Tuesday, November 6, 2018

Spotify's Still Facing Uphill Battle Against Royalty Costs

Despite reporting third quarter results that were largely in line with or even ahead of expectations, Spotify’s share price dropped by more than 6 percent in the aftermath of its earnings release on Thursday.

According to Statista, the drop was largely driven by fears of slowing user growth and the company’s plans to “accelerate the pace of investment in R&D and Content in 2019”, which would likely reduce operating margins for the “foreseeable future”.

Like all streaming companies, Spotify is facing an uphill climb towards profitability as it needs to find a way of maximizing revenue while keeping content acquisition costs at bay.

For every song a user streams on Spotify, the company must pay a certain amount to the record company owning the rights to that song. While the rate per individual stream is very small (so small that many artists feel treated unfairly), the costs quickly pile up when millions of users stream billions and billions of songs. In the first nine months of 2018, Spotify’s cost of revenue, consisting primarily of royalty payments to record companies, amounted to $2.8 billion or roughly 75 percent of the company’s revenue.

While that is already a significant improvement over past years, it still leaves just 25 percent of revenues to cover all other expenses (including sales and marketing, research and development as well as general and administrative costs), making it incredibly hard to turn a profit.

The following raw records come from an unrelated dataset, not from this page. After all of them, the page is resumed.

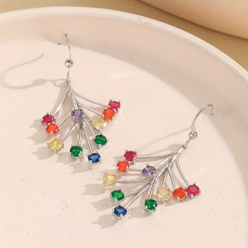 Elevate your style with these vibrant women's dangle earrings featuring synthetic gemstone accents. Crafted from 18K golden plated copper, these earrings are perfect for Valentine's Day and any special occasion.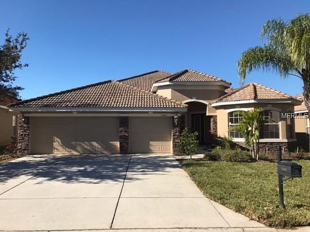 WELCOME to your new STUNNING home at 11400 Biddeford Pl, New Port Richey, FL in the gated community of Waters Edge. This Carrington model has countless exquisite upgrades throughout the 4 bedroom + office + bonus room, 3.5 bathroom, 3 car garage POOL/SPA home. Key exterior features are stone accents, tile roof, paver patio, rain barrel & gutters, tropical landscaping, lighting, screened lanai & fully fenced yard with an amazing pond view. As you enter through the double leaded glass doors, you will notice soaring ceilings, tile laid diagonally & double tray ceiling in the dining room. The chef's kitchen features unique mason jar pendant lighting with vintage light bulbs, stainless steel appliances, travertine backsplash, granite counters, breakfast bar, solid wood cabinets with trim & 2 pantries. From the dinette is a potential guest bedroom with walk-in closet & nearby is the full tub/shower bathroom with access to the pool. The master bedroom features tray ceiling & access to the lanai. The master bathroom is a spa experience with dual sinks, Corian counters, garden tub & spacious shower. The walk-in closet off the bathroom is so big that it can be its own room! The remaining 2 bedrooms & bathroom are located on the opposite wing of the home on the first level along with the formal living & dining rooms & office. Upstairs is a massive bonus room wired with surround sound; thus a perfect media room with half bathroom. This is truly a SPECTACULAR HOME in a community with wonderful amenities. Don't wait!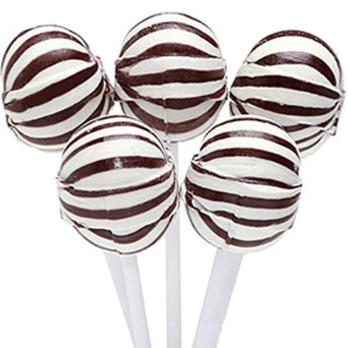 Bag contains 100 Black Sassy Suckers Striped Ball Lollipops.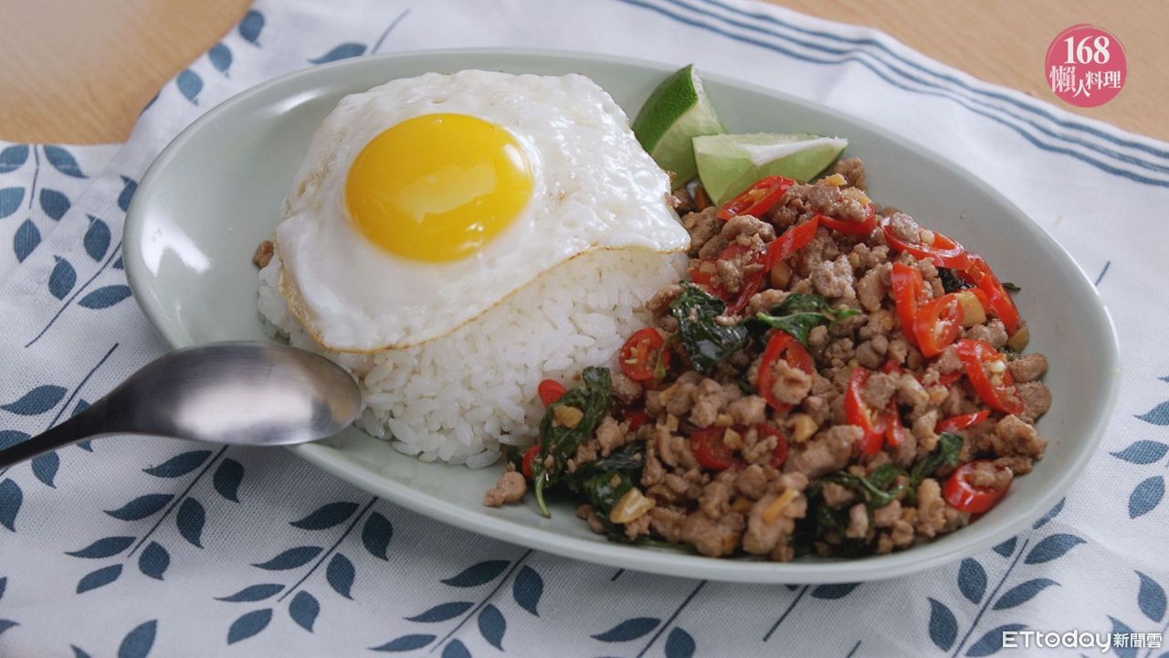 品嘗泰式料理肯定要點上一道打拋豬,鹹香帶辣非常下飯。《168懶人料理》示範4步驟、快炒15分鐘就完成「台版白飯小偷」,只要再煎顆蛋搭配就是完美的一餐!

Netflix has solved that riddle by producing more and more original content and bowing out of unprofitable licensing agreements with movie studios in order to improve its margins. The world’s leading video streaming company had a gross margin of 40 percent through the first three quarters of 2018, up from 24 percent five years earlier.

Unfortunately for Spotify, this model isn’t easily converted to the music streaming business, where users expect to find all music past and present instead of a selection of original content to choose from. Instead, Spotify needs to constantly negotiate with record labels in order to improve its licensing terms and bring down content costs.

The company reached new agreements with Universal Music Group, Sony Music Entertainment, Warner Music Group and others last year, but it remains to be seen whether these agreements will be good enough for Spotify to actually turn a profit anytime soon.